= Power shuttle =

Additional unit used in transmissions

A power shuttle is an additional unit used in transmissions and is generally used in agricultural tractors. While a vehicle is moving forwards, the driver can pull a lever that makes it stop and reverse at the same speed. Power shuttles are known under various trade names, such as Power Reverser.

In forward/reverse position of the F-R lever, pressure is built in the system due to flow to the wet clutch. During, the pressure rise, F-R clutch is energized, which makes the vehicle move. Flow to the tank line is blocked during the flow to the clutch.

== Types ==
Power shuttle is incorporated in transmissions in three forms: counter-shaft, full planetary (power shifts), and continuously variable transmissions.

=== Counter shaft transmissions ===
In this case generally forward reverse synchronizers are replaced by the multi-plate friction clutches. Typically the multi-plate clutches are arranged on the main shaft or on the counter shaft. The forward reverse section of the gear box is generally located in the forward section as close to the engine as possible. This is beneficial to the forward reverse control elements as they are not subjected to the high relative torque. The challenge involved in providing this feature in the existing transmissions is the complex shaft arrangement. This problem arises due to the limitation of centre distance between the two shafts and fixed axial dimensions due to the vehicle size limitations.

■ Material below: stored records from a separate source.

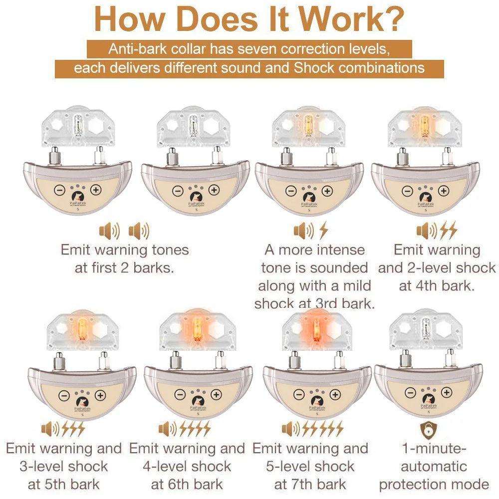 • Effective Training: Utilizes warning sounds and shock functions to efficiently correct barking behavior.
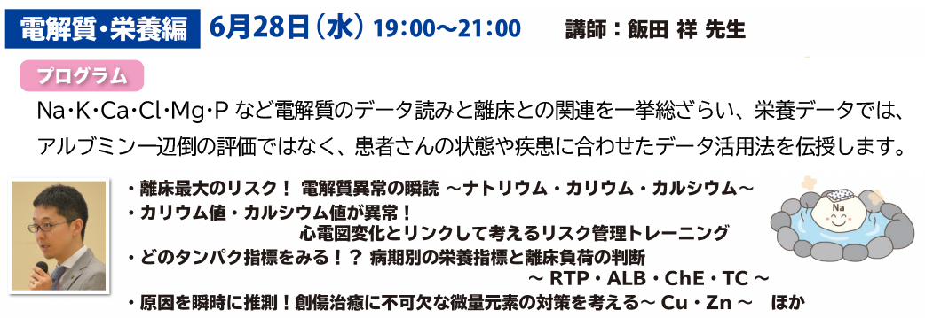 これまで何人もの心電図ギライを救ってきた、大好評の心電図セミナーがパワーアップして平日コースでついに登待望の血液データ新講座がついに登場! 今回は「瞬読」がテーマ。瞬読とは血液データを見て、一瞬で問題となるデータを見極めて、臨床に活かすことです。血液データの意味はある程度わかったけれど、読み解きに時間がかかる、という人は多いはず。この新コースでは、データを瞬時に判断する能力を引き上げるために、「瞬読エクササイズ」で繰り返しトレーニング。ぼんやりしていたデータの理解を、グン!と引き上げます。さあ、いまこそ平日2時間を活用して、瞬読の達人を目指してみませんか?
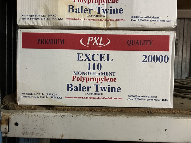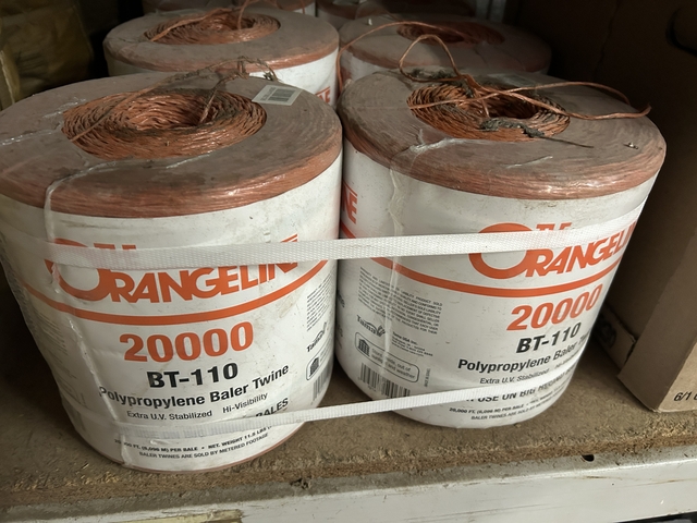 We have 5 Boxes of blue and white 110# twine, and 4 Bundles of orange 110# twine at a specail price. These are 2 balls (20,000 feet total) in each bundle/box. Regular price is $37.91, we are selling for $25 each. Beloit location Only. Stock #RB110.
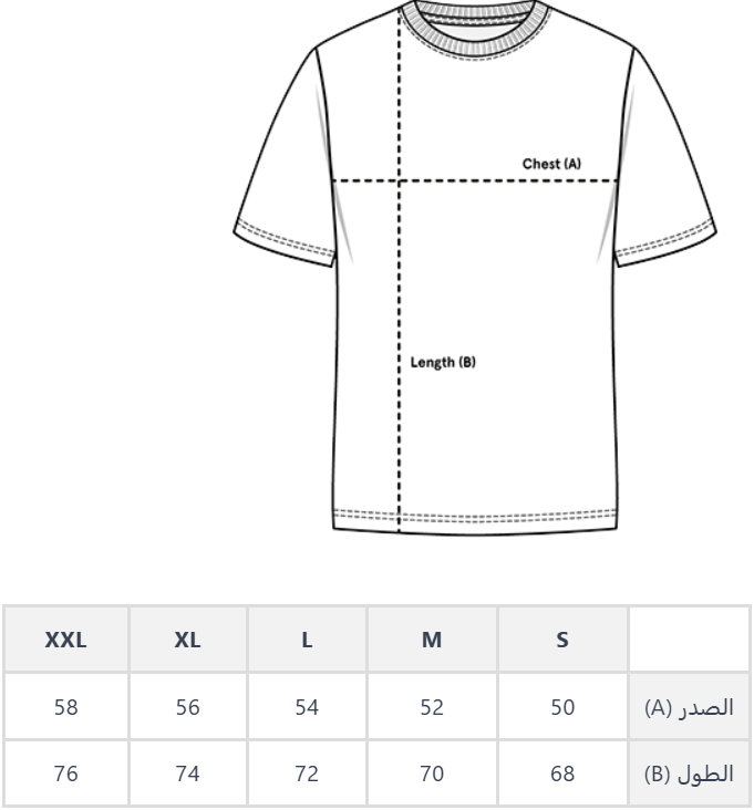 يرجى ملاحظة أن دليل المقاسات يعرض قياسات المنتج عند وضعه مسطحًا. قد تختلف القياسات الفعلية للمنتج بحد أقصى (2 سم).
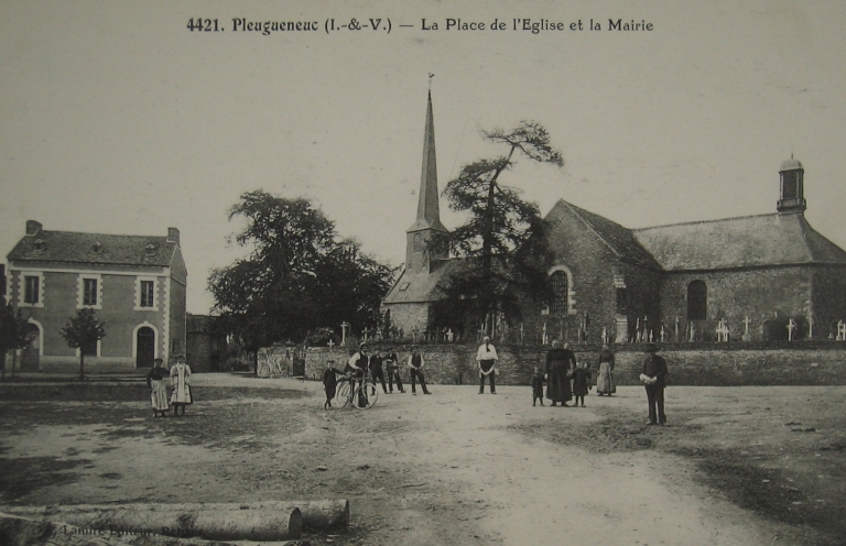 4421 - Pleugueneuc (I.-&-V.) - La Place de l'Eglise et la Mairie , carte postale, Lamiré Editeur, Rennes, [s.d.] (A. D. d'Ille-et-Vilaine : Pleugueneuc 6 Fi).

=== Full planetary (power shift) ===
In this type of transmissions the planetary action is used for providing reverse or forward action to the gear box.

=== CVT/IVT ===
Here the automatic nature of the gear box takes care of the direction change by either engaging planetary sets or by engaging multi-plate clutches or by some other means.
Features of power shuttle transmissions.

Power shuttle transmissions were invented for mining and earth moving applications. The needs in the areas were:
1. Quick shuttle response
2. Left hand shuttle lever (so that right hand is free for loader joystick)
3. Reducing driver fatigue.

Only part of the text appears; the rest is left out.